2.  Trustee Direction and Consent.  HVF hereby directs the Trustee to consent in writing to this Amendment.
3.  Amendments to the HVF Lease
(a) Section 2.3 is hereby amended and restated in its entirety as follows:
“(a) The Servicer will act as the Lessor’s agent in returning (as set forth in this Section 2.3) or otherwise disposing of each Vehicle on the Vehicle Operating Lease Expiration Date with respect to such Vehicle, unless the Vehicle Operating Lease Expiration Date with respect to such Vehicle occurred as the result of the occurrence of the Inter-Lease Vehicle Reallocation Effective Date with respect to such Vehicle.
(b) The Lessee will, subject to Sections 2.4, 2.5 and 2.10, return each Program Vehicle (other than a Casualty, a Rejected Vehicle or a Program Vehicle which has become an Ineligible Vehicle) to the Servicer in accordance with the requirements of Section 3.1(b), who upon receipt of such Program Vehicle will return such Program Vehicle to the nearest related Manufacturer official auction or other facility designated by such Manufacturer at the Lessee’s sole expense in accordance with the requirements of Section 3.1(b).
(c) The Lessee will, subject to Sections 2.4, 2.5 and 2.10, return each Non-Program Vehicle to the Servicer not less than thirty (30) days prior to the Maximum Lease Termination Date with respect to such Non-Program Vehicle, who upon receipt of such Non-Program Vehicle will dispose of such Non-Program Vehicle in accordance with the requirements of Section 2.5(b).”

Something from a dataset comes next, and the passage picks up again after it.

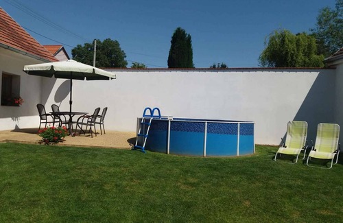 The detached holiday home was renovated in 2001 and is furnished in a typical country style. Also due to its quiet and sunny hillside location at the edge of the forest the domicile is popular. Available for your exclusive use: parasol, barbecue facilities, pavilion and garden furniture. Cot - free on request.LocationHurka/Cesky Budejovice. The holiday home is located on a 2000 sqm enclosed garden plot with meadow. The landlord does not live in the house or on the property. Access is via a side road (asphalted). Parking (for 5 cars) is available in a garage and on the property. Specialcentral heating (gas).Facilities: baby cot, internet access (WLAN) and iron. TV reception takes place via antenna, satellite. PoolAll pools are available for exclusive use. Outdoor pool (usable from early June to end of August, diameter 3.6 m, depth 1 m). Leisuretable tennis. Dogsallowed, EUR 5.00/pet per day. DistancesShopping 1000 m, restaurant 1000 m, town center 1000 m. railway station in 1000 m. thermal bath in 25 km. indoor swimming pool, sauna, discotheque each 9 km. Railway line 1000 m. In summer: Bathing possibility (beach 40 km in Suchdol). tennis in 9 km. golf, horse riding each 15 km in Hluboka nad Vltavou. diving, boat rental, boat launch each 60 km in Lipno nad Vltavou. fishing in Vidov 6 km. In winter: Ski area 60 km in Lipno nad Vltavou (Kramolin). ice skating in 9 km. DivisionHoliday home, 1 floor, 3 rooms (including 2 bedrooms), 95 sqm, in total 6 beds (including 2 additional beds), on request additionally 1 child up to 2 years in a baby cot. RoomThe entrance to your holiday home is at ground level and leads directly into the hallway with wardrobe. Bedroom with 1 double bed. Bedroom with 2 single beds. Living/bedroom with 2 additional beds on couch/sofa, sitting area, TV, fireplace, radio and access to the terrace (12 sqm). Cooking nook in the living & bedroom with dining area (6 seats), electric stove, oven, fridge, microwave, coffee machine and electric kettle. Bathroom with bathtub, washing machine, shower and 1 washbasin. Separate toilet with WC. Terms of lease and pricesIncluded in the priceOutdoor pool, internet access, parking place, water, pool, bed linen (first usage), Wireless Internet access. Side costs-Additionally(Payable when booking)/baby cot – please order at booking on request per bed per week.Costs on the spot:/Obligatory:electricity 0,50 € per kilowatt hour based on usage. gas 5,40 € per cubic meter based on usage. chimney wood 2 € based on usage. final cleaning (if not performed by the tenant) 30 € per object per stay. hand towels to bring along. local tax by local tariff.Deposit:EUR 150,-/object

(b) The following is hereby added to the HVF Lease as Section 2.10:
Inter-Lease Transfers. From time to time, the Lessee may desire to cease leasing a Vehicle hereunder and an Alternative Lease Lessee may desire to commence leasing such Vehicle pursuant to a Segregated Series Lease. With respect to any such Vehicle, upon delivery by the Lessee to the Lessor of written notice identifying by VIN each Vehicle to be so transferred from such Lessee to such Alternative Lease Lessee (such notice, an “Inter-Lease Reallocation Schedule”) and, subject to and upon deposit in the Collection Account of an amount equal to the greater of (A) the Termination Value and (B) the Market Value of such Vehicle, in each case, as of the date such amount is deposited in the Collection Account (the date on which such deposit shall have occurred, the “Inter-Lease Vehicle Reallocation Effective Date”), such Vehicle identified in such Inter-Lease Reallocation Schedule (such Vehicle, a “Reallocated Vehicle”) shall cease to be leased by the Lessee and shall contemporaneously commence being leased to such Alternative Lease Lessee pursuant to such Segregated Series Lease, and the Lessee agrees that upon such a transfer of such Vehicle from such Lessee to an Alternative Lease Lessee (each such transfer, an “Inter-Lease Vehicle Reallocation”), the Lessee relinquishes all rights that it has in such Vehicle pursuant to this Agreement. Each Inter-Lease Reallocation Schedule may be delivered electronically (including by e-mail, file transfer protocol or otherwise) and may be delivered directly by the Lessee or on its behalf by any agent or designee of the Lessee.
Alternative Lease Lessee” means any “Lessee” under and as defined in any Segregated Series Lease.”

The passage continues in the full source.